You. He thought as he watched her seat twitch to the kitchen. "Eggs and toast....maybe beacon." He sipped his coffee, amazed at how it never got cold when Robin was around. "I like beacon." His last comment drew a giggle from the creature fixing his meal. She really did sound girlish sometimes....no wonder the confusion at the beginning.





Rasputin hovered at the door, listening intently as the young couple conversed. How Japanese. He thought to himself, saying so much without saying anything at all. He chuckled, and left them to their own defenses, and dances. Things were working out quite nicely all on their own. No need to interfere. He made his way a short distance down the hall, and too the right. Inside was the still sleeping lump of his descendant. Lucy's own favorite grandson.

It had been on board the air plane when the call from the House said that Luccina had died. It was shortly after they landed that Solomon began the bid for ownership of her lands and titles.
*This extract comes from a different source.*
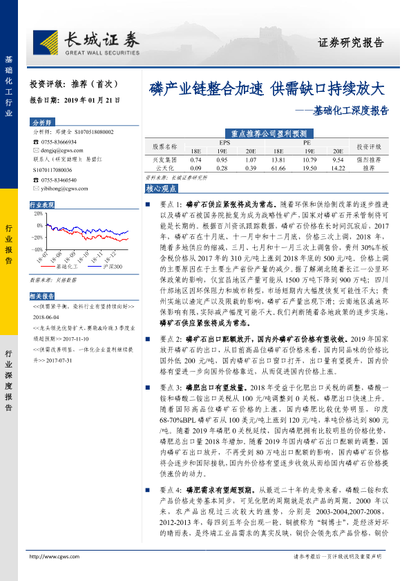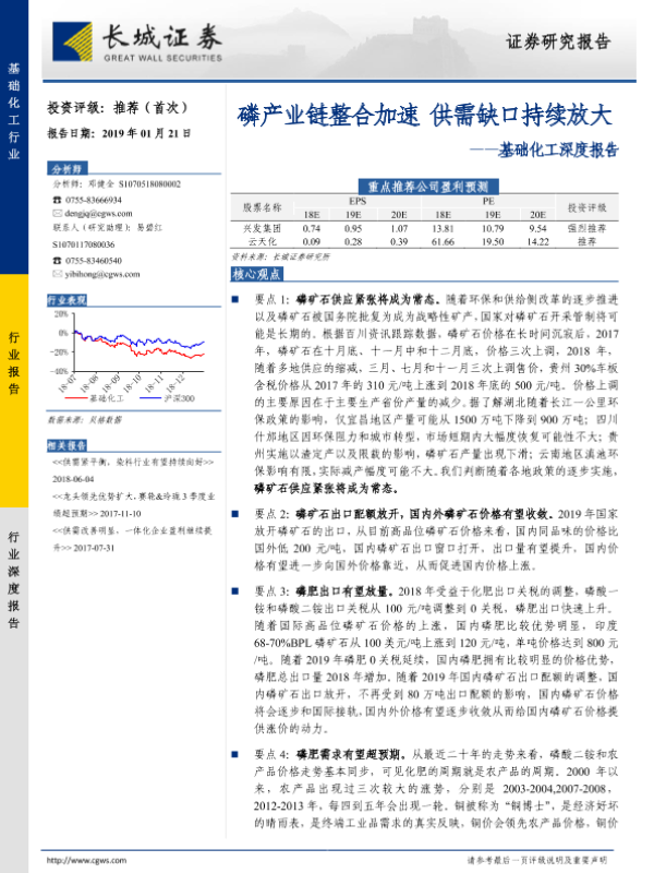 【长城证券】【20190121】基础化工深度报告:磷产业链整合加速 供需缺口持续放大-18页

The accounts in the Caimans responded saying that the heiress (Robin) had not been proven dead, so no transfer was possible at this time. This caused him to chuckle. No other account would allow them full access, just peaks at how much the shrewd woman had amassed over the years. A peak just big enough to make them drool on themselves.

The apartment was sparce, a chair for sitting, and an old TV with rabbit ears for watching. He sighed to himself, after all the centuries, a bachelor was still a bachelor. He tightened his shabby coat around his broad shoulders and breathed deeply. The young man obviously was staying in Robin's home, while himself and her cousin stayed here. One comment of the conditions, though, and true to suit, she'd have this place fixed for kings. The grin broadened as he laid his head back and closed his eyes. Sleep wasn't necessary for the ancient, but a good rest never hurt anybody.